Excerpts from a dataset
* * *
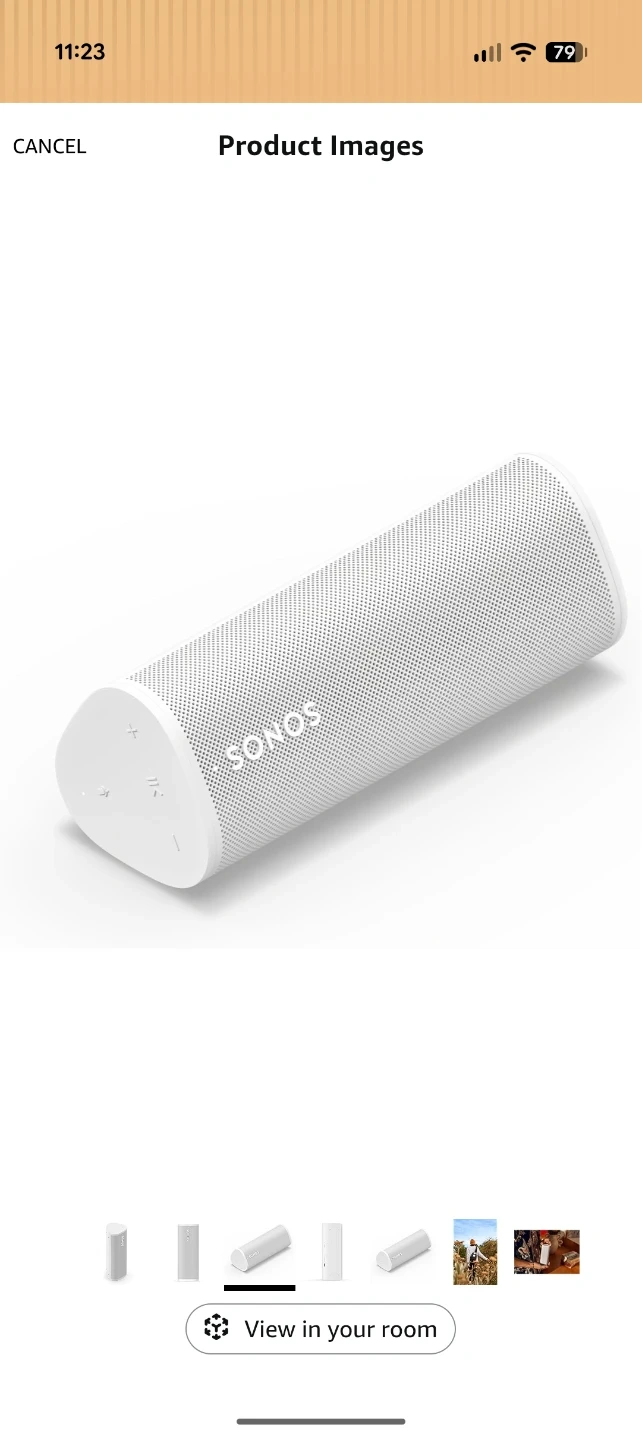 This is a Sonos Roam SL portable wireless speaker in white. It's compact and designed for easy transport. Connects wirelessly for audio streaming.
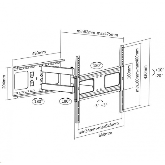 - Rozmery držiaka (š x v x h): 660 x 430 x 62~475 mm
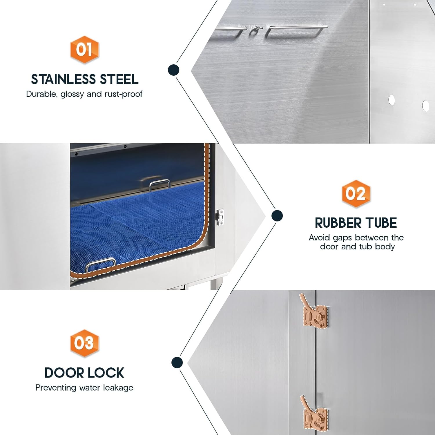• Leak-Proof Design: The 50-inch dog wash station suits pets of various sizes, featuring seamless welding, secure rubber tubing, and locking doors to prevent leaks and escapes.
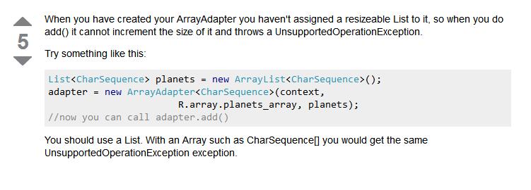 界面成功显示,可是每次点击“添加”,就会抛出java.lang.UnsupportedOperationException,这看似很匪夷所思,因为按照android的api文档,确实能通过adapter上的add、remove等方法在运行时增删列表项啊,那问题到底出在哪里呢?
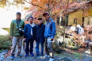 昼時だったので先ずは古風な食事処「もみじ苑」に入り、皆さん十割そばを注文した後、紅葉とその向こうの滝を見ながらの休憩。出てきた十割そばは、河内そば職人が曰く、そば太さが少し不揃いなのでやはり”手打ち”だなぁ、とのことでした。(食べるだけの私には同じ太さに見えましたが)
* * *
Problem description: Set down all of the entries exactly as they stand, without any image.

Answer to the problem:
 This is a Sonos Roam SL portable wireless speaker in white. It's compact and designed for easy transport. Connects wirelessly for audio streaming.
 - Rozmery držiaka (š x v x h): 660 x 430 x 62~475 mm
• Leak-Proof Design: The 50-inch dog wash station suits pets of various sizes, featuring seamless welding, secure rubber tubing, and locking doors to prevent leaks and escapes.
 界面成功显示,可是每次点击“添加”,就会抛出java.lang.UnsupportedOperationException,这看似很匪夷所思,因为按照android的api文档,确实能通过adapter上的add、remove等方法在运行时增删列表项啊,那问题到底出在哪里呢?
 昼時だったので先ずは古風な食事処「もみじ苑」に入り、皆さん十割そばを注文した後、紅葉とその向こうの滝を見ながらの休憩。出てきた十割そばは、河内そば職人が曰く、そば太さが少し不揃いなのでやはり”手打ち”だなぁ、とのことでした。(食べるだけの私には同じ太さに見えましたが)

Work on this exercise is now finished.